**WORK TO COMPLETE:**
Without copying any picture, transcribe exactly the lines of the data below from the one containing "For Nos.2 &" through the one containing "Fig. 2 (A-D).".

**EXERCISE DATA:**
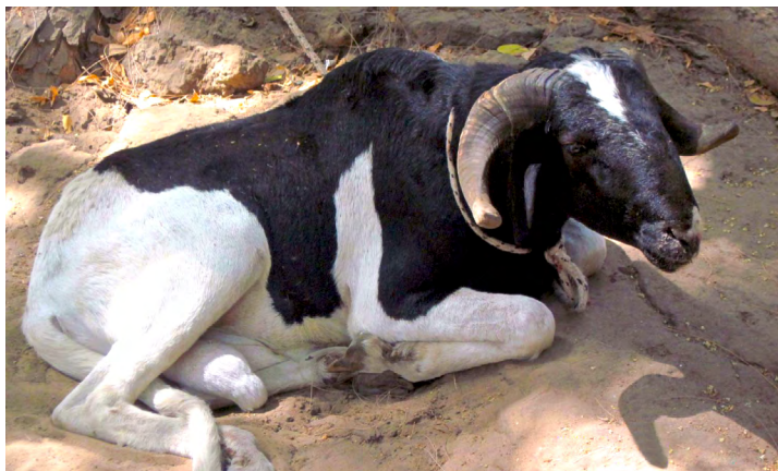
Sahelian ram affected by Rift Valley fever virus

ECDC migrated the data from a semi-relational to relational database to meet new data warehouse standards and to make the data compatible with ECDC's data warehouse. The online VectorTool has been decommissioned and data can be submitted to the data warehouse through the VectorNet vector group leaders (VGLs). For more details please contact the VGLs or send an email to VectorNet_admin@rivm.nl.
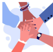
Meet the Forum Team
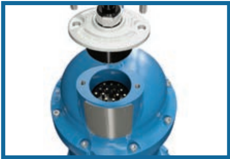
Plug-n-play quick connect cord
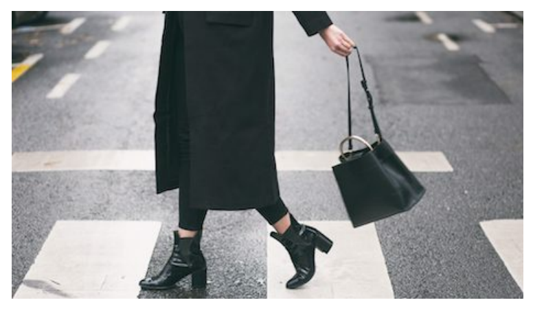
Alibaba Group has launched Luxury Soho, a new platform aimed at young, value-conscious luxury shoppers.

Luxury bricks-and-mortar stores were given the chance to enter into the digital realm by Tmall, as it partners with iStaging to recreate spaces in virtual reality. The program allows brands who sell on the ecommerce site, among whom are a number of luxury labels, to create their own VR stores that allow shoppers to take the in-store shopping experience with them anywhere (see story).
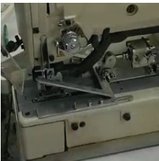
Positioning Guide Design
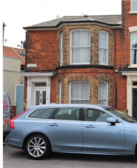
No.6 Stradbroke Road

For Nos.2 & 4 Stradbroke Road see The Sole Bay Inn (Grade II) St James Green.
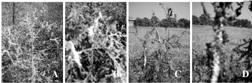
Fig. 2 (A-D). Different stages of damage of Parthenium by mealy bug (white patches).

Mealy bugs were found feeding on five other weeds namely A. aspera , M. tricuspidatum , Sida spinosa , B. diffusa and Xanthium strumarium (Fig. 3). None of the weed has any known useful value in the area. X. strumarium is a weed of wastelands as well as of agricultural crops. It is especially abundant in moist localities. It causes damage on the crops like cotton, onion, sunflower and some vegetables, mostly during the summer (Kadioglu et al. , 1993; Kadioglu, 1997). Cutler and Cole (1983) reported that potassium carboxyatractyloside and hypoglycaemic isolated from the residues of this weed strongly inhibited the hypocotyl of wheat and cause serious decaying and dwarfing in the corn seedlings. Recently Kadioglu (2004) found that this weed considerably reduced the germination in Triticum vulgare L., Hordeum vulgare L., Lolium perenne L. and Avena sterilis L. A. aspera is a very common weed of waste places and road-sides in Pakistan. The weed bears spiny fruits which provide a great hindrance in movement of both humans and animals. M. tricuspidatum is found frequently, however, the weed is not economically important with respect to grazing or any other useful purpose in the area. S. spinosa is a rarely occurring weed in the region and is not known for any useful purpose. B. diffusa is a moderately occurring weed and is not well known for any medicinal or grazing purpose.
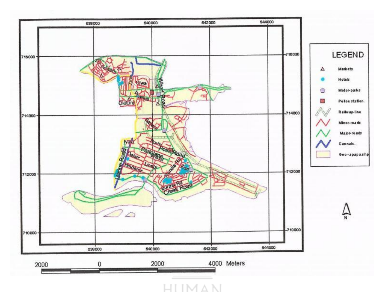
Fig. 1: Crime activities hot-spots

Others were Ijora-Oloye (63), Gaskiya (59), Marine Beach (51), Alasin/Afolabi (41), Pelewura (39), Liverpool (38), Creek Tin-Can Island (34) and the lowest was Marine ward (25). The results of the correlation analyses performed between the wards and crime rates based on the residents' opinion and available data revealed that positively significant relationship in all the wards except Pelewura and Marine wards (Table 4). On the other hand, the result further showed that not all the land-use types (Fig. 3) have significant correlation with crimes. For example, Residential (p< 0.001; r = 0.93) and commercial centers (p = 0.002; r = 0.87) showed relatively high significant (Table 5). Others which were significant were industrial areas, islands and wharf, while sandfill, lagoon, and swamp land-use types were not significant. The higher number of crimes recorded in Iganmu and Sari wards can be explained by the prevailing land-use type which is primarily the integration of residential and commercial centers. Our result was consistent with the findings of previous research which reported that combination of commercial
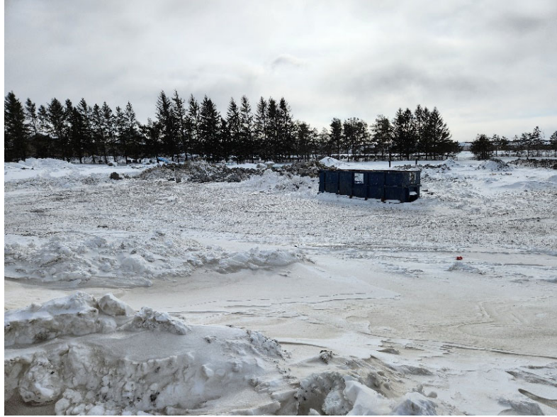
Photo 3 - Looking south across the Site, dumpster and aggregate piles
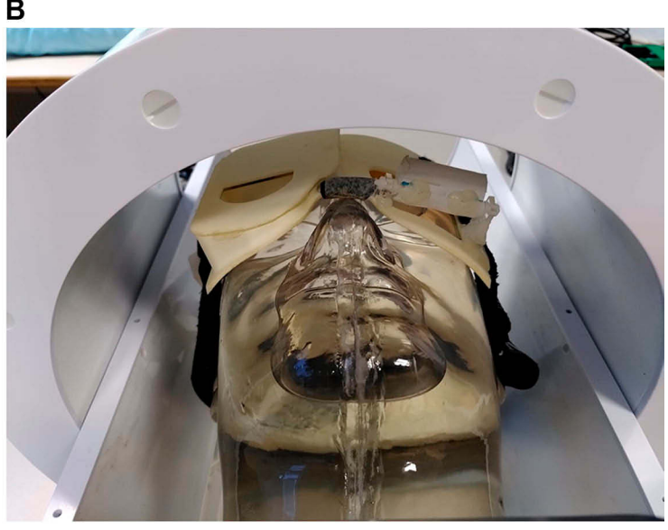
Figure I (A) Setup for high-resolution ocular magnetic resonance (MR) imaging, consisting of a dedicated receive eye-coil, with an integrated mirror. A fixation target is projected onto the screen at the end of the magnet bore. A cued-blinking paradigm is used to minimize blink-induced artefacts. (B) This image demonstrates how the patient's head is positioned within the MRI (magnetic resonance imaging) with the eye coil secured around the head.

on the T1-weighted images, while the T2-weighted scans are used to screen for scleral infiltration of the tumour. In addition, retinal detachment, a common complication of UM can easily be differentiated from tumour tissue on the post-contrast scan as a non-enhancing region.

**EXERCISE RESULT:**
For Nos.2 & 4 Stradbroke Road see The Sole Bay Inn (Grade II) St James Green.
Fig. 2 (A-D). Different stages of damage of Parthenium by mealy bug (white patches).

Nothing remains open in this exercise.